● DATA:
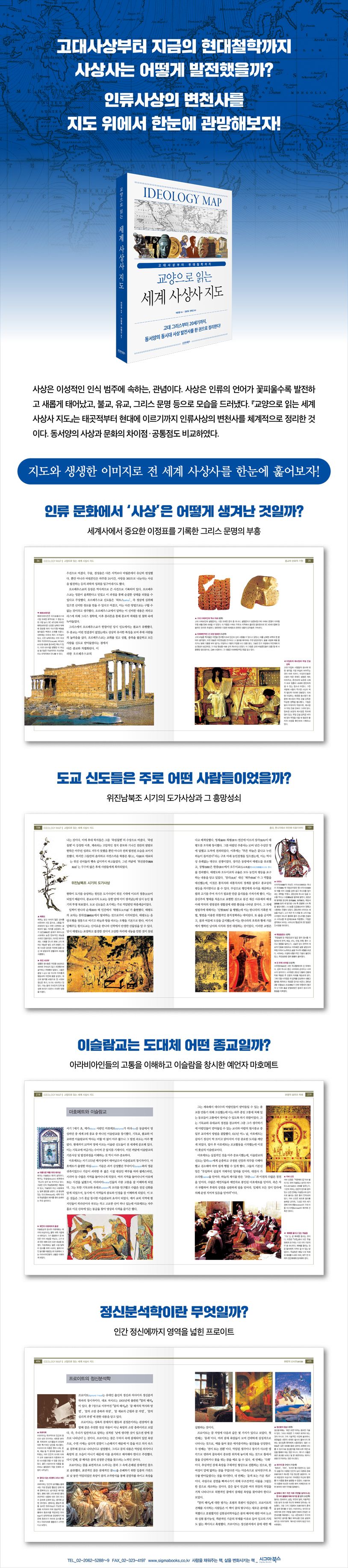 사상은 인간의 이성적인 인식 범주에 속하는 것이다. 이런 ‘사상’은 인류 역사에서 어떻게 시작되고 꽃피우고 지금에 이르렀을까? 언어도 제대로 갖춰지지 않은 시대에도 ‘사상’이란 게 있었을까? 사상이 있었기에 문명이 발전했을까, 아니면 문명이 있었기에 사상이 발전했을까? 『교양으로 읽는 세계 사상사 지도』는 고대부터 현대까지, 유대교, 불교, 유교, 그리스 문명, 중세 종교 이데올로기, 자본주의, 공산주의 등 인류사상의 변화를 한 권의 책, 한 페이지의 지도 위에 그려냈다. 이 책을 통해 동·서양의 사상과 문화의 차이점, 공통점 등을 한눈에 비교해볼 수 있을 것이다. 이 책의 지도를 따라가며 문명의 발전과 함께한 인간 사상의 변화를 느껴보기 바란다.
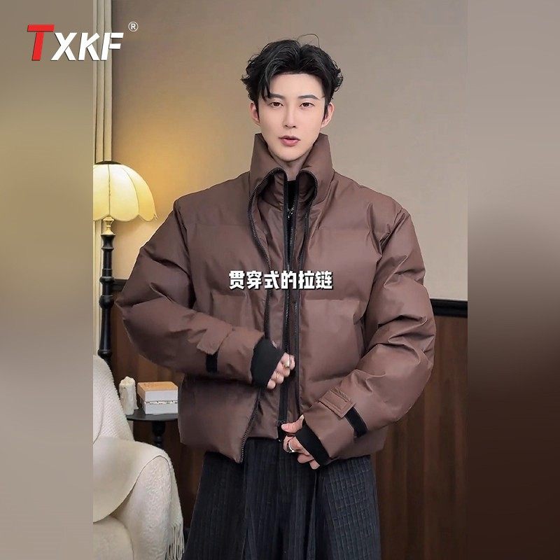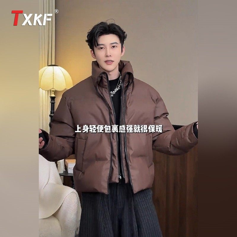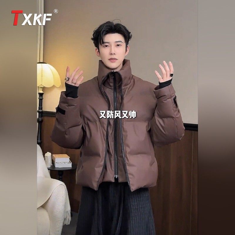 潮牌咖色立领棉服男外套男士2025新款冬季高级感加厚夹克男款冬装
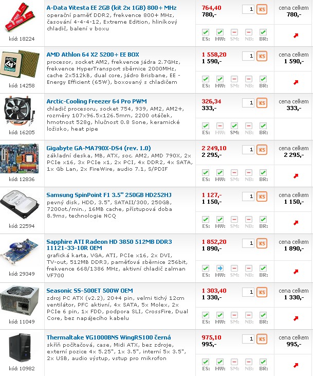 PS: Kamrád si kupoval MB, CPU a GPU od AMD/ATI druhý to samí, ale od Intelu/eNvidie. Toho kamaráda co měl AMD to stálo 10 000 toho druhýho 30 000, ale oba mělí skoro totožný výkon ve všech testech co dělaly. PC byl určený hlavně na hry. Výkon ve 3DMarku06 12 500 scodný - před 8 mesíci...
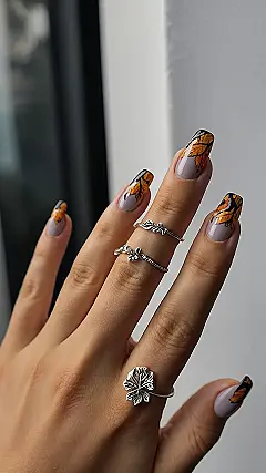 This image shows some seriously cool autumn leaf nail art! It’s like a little piece of fall on your fingertips. The leaves are painted in those classic orange and yellow shades you see on trees, and the black outline makes them pop. It’s a super cute way to show off your love for the season.
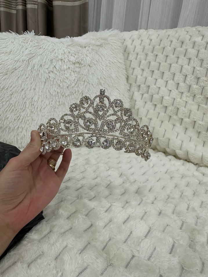 Beyaz Parlak Payetli Gelin Tacı
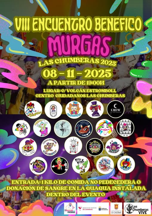 El espíritu carnavalero volverá a brillar en Las Chumberas el próximo 8 de noviembre, a partir de las 19:00 horas, con la celebración del VIII Reencuentro de Murgas Benéfico, un evento ya consolidado que reúne a agrupaciones, simpatizantes y amantes del carnaval en una cita marcada por la solidaridad.
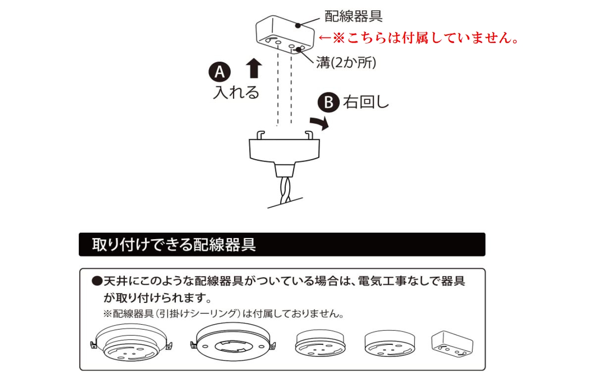 引っ掛けシーリング対応のため、工事不要で取り付け可能。

● WORK TASK: Your answer should be every line above, written out exactly, with no pictures.

● TASK RESPONSE:
 사상은 인간의 이성적인 인식 범주에 속하는 것이다. 이런 ‘사상’은 인류 역사에서 어떻게 시작되고 꽃피우고 지금에 이르렀을까? 언어도 제대로 갖춰지지 않은 시대에도 ‘사상’이란 게 있었을까? 사상이 있었기에 문명이 발전했을까, 아니면 문명이 있었기에 사상이 발전했을까? 『교양으로 읽는 세계 사상사 지도』는 고대부터 현대까지, 유대교, 불교, 유교, 그리스 문명, 중세 종교 이데올로기, 자본주의, 공산주의 등 인류사상의 변화를 한 권의 책, 한 페이지의 지도 위에 그려냈다. 이 책을 통해 동·서양의 사상과 문화의 차이점, 공통점 등을 한눈에 비교해볼 수 있을 것이다. 이 책의 지도를 따라가며 문명의 발전과 함께한 인간 사상의 변화를 느껴보기 바란다.
 潮牌咖色立领棉服男外套男士2025新款冬季高级感加厚夹克男款冬装
 PS: Kamrád si kupoval MB, CPU a GPU od AMD/ATI druhý to samí, ale od Intelu/eNvidie. Toho kamaráda co měl AMD to stálo 10 000 toho druhýho 30 000, ale oba mělí skoro totožný výkon ve všech testech co dělaly. PC byl určený hlavně na hry. Výkon ve 3DMarku06 12 500 scodný - před 8 mesíci...
 This image shows some seriously cool autumn leaf nail art! It’s like a little piece of fall on your fingertips. The leaves are painted in those classic orange and yellow shades you see on trees, and the black outline makes them pop. It’s a super cute way to show off your love for the season.
 Beyaz Parlak Payetli Gelin Tacı
 El espíritu carnavalero volverá a brillar en Las Chumberas el próximo 8 de noviembre, a partir de las 19:00 horas, con la celebración del VIII Reencuentro de Murgas Benéfico, un evento ya consolidado que reúne a agrupaciones, simpatizantes y amantes del carnaval en una cita marcada por la solidaridad.
 引っ掛けシーリング対応のため、工事不要で取り付け可能。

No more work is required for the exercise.